7 & 7: Humble vs. Boastful
REFLECTION:
To be heralded at a young age is a special burden. It leaves within the honored and those who surround her a constant need to justify the award, a subtle process that can reorder an individual’s priorities away from growth and exploration and toward familiar and safe terrain. Awards and recognitions always contain within the packaging inducements to see oneself as separate, distinct, superior, even when these feelings are resisted. That is why wise people are often careful to do their good under cover, in quiet ways, not out of false humility but because it ensures the full pleasure of the giving. Public displays will always be suspect.

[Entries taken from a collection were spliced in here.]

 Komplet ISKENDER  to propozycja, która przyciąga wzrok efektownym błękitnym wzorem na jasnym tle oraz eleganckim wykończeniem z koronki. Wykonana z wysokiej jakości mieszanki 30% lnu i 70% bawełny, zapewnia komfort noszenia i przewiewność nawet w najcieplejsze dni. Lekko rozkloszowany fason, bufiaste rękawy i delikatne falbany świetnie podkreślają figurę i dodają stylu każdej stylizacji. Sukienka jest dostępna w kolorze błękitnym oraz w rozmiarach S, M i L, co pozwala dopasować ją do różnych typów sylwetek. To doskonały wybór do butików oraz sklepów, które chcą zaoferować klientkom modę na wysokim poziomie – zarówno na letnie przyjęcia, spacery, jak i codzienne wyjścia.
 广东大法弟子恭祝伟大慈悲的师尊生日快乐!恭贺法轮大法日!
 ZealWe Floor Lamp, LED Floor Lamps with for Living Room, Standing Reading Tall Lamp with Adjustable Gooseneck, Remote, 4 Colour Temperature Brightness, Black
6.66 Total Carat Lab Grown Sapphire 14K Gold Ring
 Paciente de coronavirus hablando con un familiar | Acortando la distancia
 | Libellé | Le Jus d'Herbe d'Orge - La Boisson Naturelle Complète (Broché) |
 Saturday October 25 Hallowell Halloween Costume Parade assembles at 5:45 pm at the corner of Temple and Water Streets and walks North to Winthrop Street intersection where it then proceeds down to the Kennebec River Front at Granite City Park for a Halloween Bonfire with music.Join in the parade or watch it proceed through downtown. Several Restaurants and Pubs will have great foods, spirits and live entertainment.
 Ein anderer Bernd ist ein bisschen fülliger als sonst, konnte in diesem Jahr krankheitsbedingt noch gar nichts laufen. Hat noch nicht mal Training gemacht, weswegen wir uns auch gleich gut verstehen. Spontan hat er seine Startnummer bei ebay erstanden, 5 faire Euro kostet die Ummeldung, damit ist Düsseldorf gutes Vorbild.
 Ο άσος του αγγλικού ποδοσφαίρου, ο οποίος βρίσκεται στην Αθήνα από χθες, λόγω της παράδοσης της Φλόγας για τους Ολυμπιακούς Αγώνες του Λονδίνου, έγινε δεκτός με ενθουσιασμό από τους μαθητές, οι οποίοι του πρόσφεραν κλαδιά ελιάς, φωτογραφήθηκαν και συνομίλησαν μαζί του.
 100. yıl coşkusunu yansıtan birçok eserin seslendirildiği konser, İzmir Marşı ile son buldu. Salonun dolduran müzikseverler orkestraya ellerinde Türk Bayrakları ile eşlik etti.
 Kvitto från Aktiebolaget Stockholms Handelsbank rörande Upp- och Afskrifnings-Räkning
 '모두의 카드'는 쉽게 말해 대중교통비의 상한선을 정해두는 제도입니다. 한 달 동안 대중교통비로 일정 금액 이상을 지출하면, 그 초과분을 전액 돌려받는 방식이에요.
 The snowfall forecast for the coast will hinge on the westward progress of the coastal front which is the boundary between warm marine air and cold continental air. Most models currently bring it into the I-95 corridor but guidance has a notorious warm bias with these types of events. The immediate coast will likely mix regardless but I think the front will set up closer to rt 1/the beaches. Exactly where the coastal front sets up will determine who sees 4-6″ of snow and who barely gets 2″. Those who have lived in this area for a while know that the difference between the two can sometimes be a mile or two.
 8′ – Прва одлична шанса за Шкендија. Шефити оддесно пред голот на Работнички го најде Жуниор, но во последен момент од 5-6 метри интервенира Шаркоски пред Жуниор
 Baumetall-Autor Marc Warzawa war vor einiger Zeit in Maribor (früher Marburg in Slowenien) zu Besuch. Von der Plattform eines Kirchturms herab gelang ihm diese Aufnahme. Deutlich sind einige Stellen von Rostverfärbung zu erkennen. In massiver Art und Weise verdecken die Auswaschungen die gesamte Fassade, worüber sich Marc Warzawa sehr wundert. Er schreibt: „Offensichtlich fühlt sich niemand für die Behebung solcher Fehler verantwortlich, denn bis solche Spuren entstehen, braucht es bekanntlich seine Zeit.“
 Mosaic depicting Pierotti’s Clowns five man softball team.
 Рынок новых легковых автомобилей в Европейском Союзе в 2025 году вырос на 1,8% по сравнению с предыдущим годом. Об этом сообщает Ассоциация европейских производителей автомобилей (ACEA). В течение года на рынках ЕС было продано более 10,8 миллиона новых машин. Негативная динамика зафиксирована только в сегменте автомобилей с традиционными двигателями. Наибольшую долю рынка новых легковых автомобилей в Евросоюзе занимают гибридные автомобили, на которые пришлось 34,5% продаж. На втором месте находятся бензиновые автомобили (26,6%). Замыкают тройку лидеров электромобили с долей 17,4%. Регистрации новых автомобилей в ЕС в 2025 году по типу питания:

For it can be difficult to define in each and every act the complex tangle of motivations. Is this for me or thee? Am I bragging? And if so, doesn’t that take the glow out of the glowworm? Self-praise provides no credible recommendation. It is not the same as self-confidence which is essential to success. The greatness is in the smallness – that is the mystery. With the modesty comes the admiration, accepting that if the applause never comes, still the good that was done will be affirmation enough.
MUSES:
Cato the elder The greatest monarch on the proudest throne is obliged to sit upon his own arse.
Benjamin Franklin
The greatest pleasure I know is to do a good action by stealth, and to have it found out by accident
Charles Lamb
Where there are no tigers, a wildcat is very self-important.
Korean proverb
We are all worms, but I do believe that I am a glow-worm.
Winston Churchill
Self-praise is no recommendation.
Old saying
Do not make yourself so big. You are not so small.
Jewish proverb
A modest man is usually admired – if people ever hear of him.